Since Studying Engineering exploded onto the market in June, 1995, it has become the best selling "Introduction to Engineering" textbook of all time. Adopted by over 300 U.S. institutions, and reaching more than 40,000 students, the book has made major inroads into the "sink or swim" paradigm of engineering education. Armed with the book as a powerful tool for "student development", large numbers of engineering programs have implemented Introduction to Engineering courses having a primary purpose of improving the academic performance and retention rates of their students.
I had to read this entire textbook, cover to cover, for my engineering class. This is the most pointless, most useless book I have ever read in my entire life. It is worse than self-help books. It *is* a self-help book, kind of, for engineering students. The only thing is, the only kind of engineering student it would help is a kid who has been living under a damn rock for his or her whole life. It has the most pointless, most tedious, the most elaborate questions or problems to answer at the end of each chapter that my professor assigned. Dumbest class I'll probably ever take in my time as an undergraduate.

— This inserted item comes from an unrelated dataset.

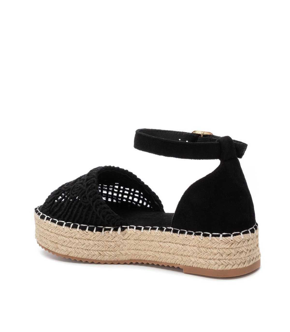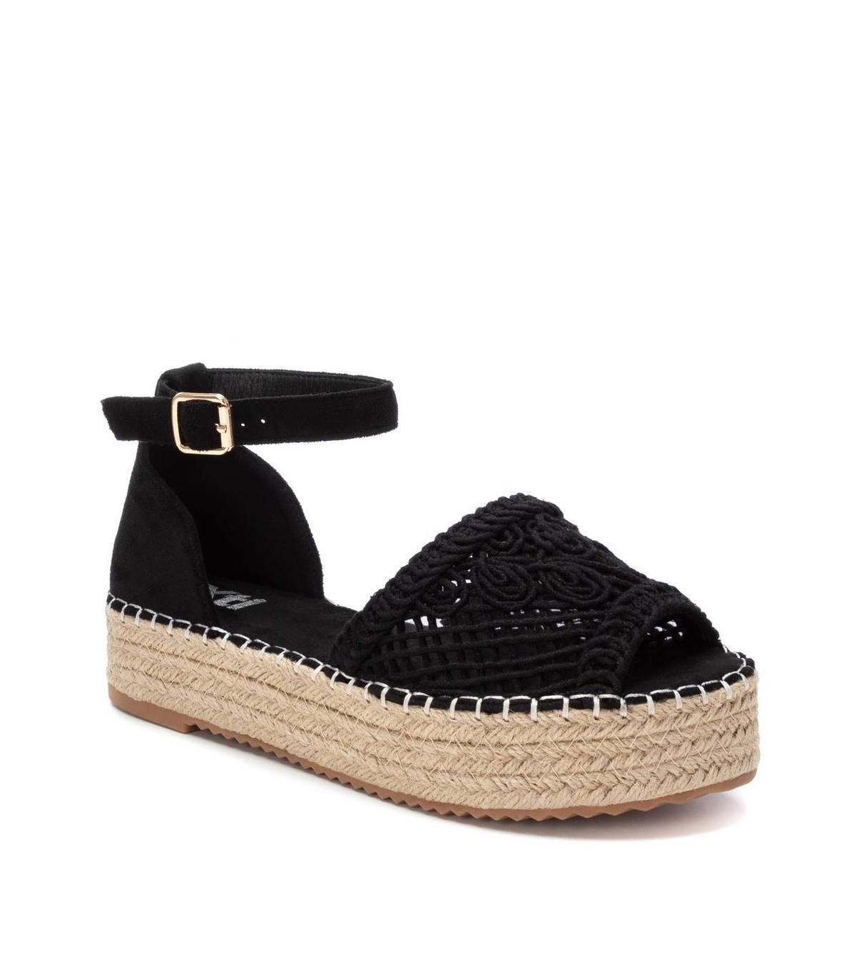 Sandalia de mujer con plataforma plana, de la marca Xti. Fabricada en material textil estilo crochet. Talón con pulsera para sujeción al tobillo. Cuña de yute con suela de goma antideslizante.

This book was not for me. It's written for people who have little or no experience with college. If this were the only thing I disliked, I would not have given it a low rating. What's terrible about this book is that it is fluff, fluff, and more fluff. Page and page, this author talks about what will be discussed next and how to get ready for his next tip... which, more often than not, turns out to be the same crap you've heard a thousand times - whether on TV, in articles, in college, in high school, or in other places in the book. No big revelations here.
The only reason this book gets two stars instead of one is that it offers people an idea of what engineering is all about. However, in the Internet Era, this info can easily and instantly be found online for free.
It has some very basic information, few self help tips. But really paid a good amount for a book I really will never use or need. It was a required book for a Engineering Ethics class. So I would not suggest this book unless you have a use for it, it's mostly information that is basic self- help and most people know.
This book was different from the books that I usually read. However, it was better than I thought it would be. It was very informational and it taught me a lot about engineering. Some parts of it were kind of boring, but overall it was pretty alright.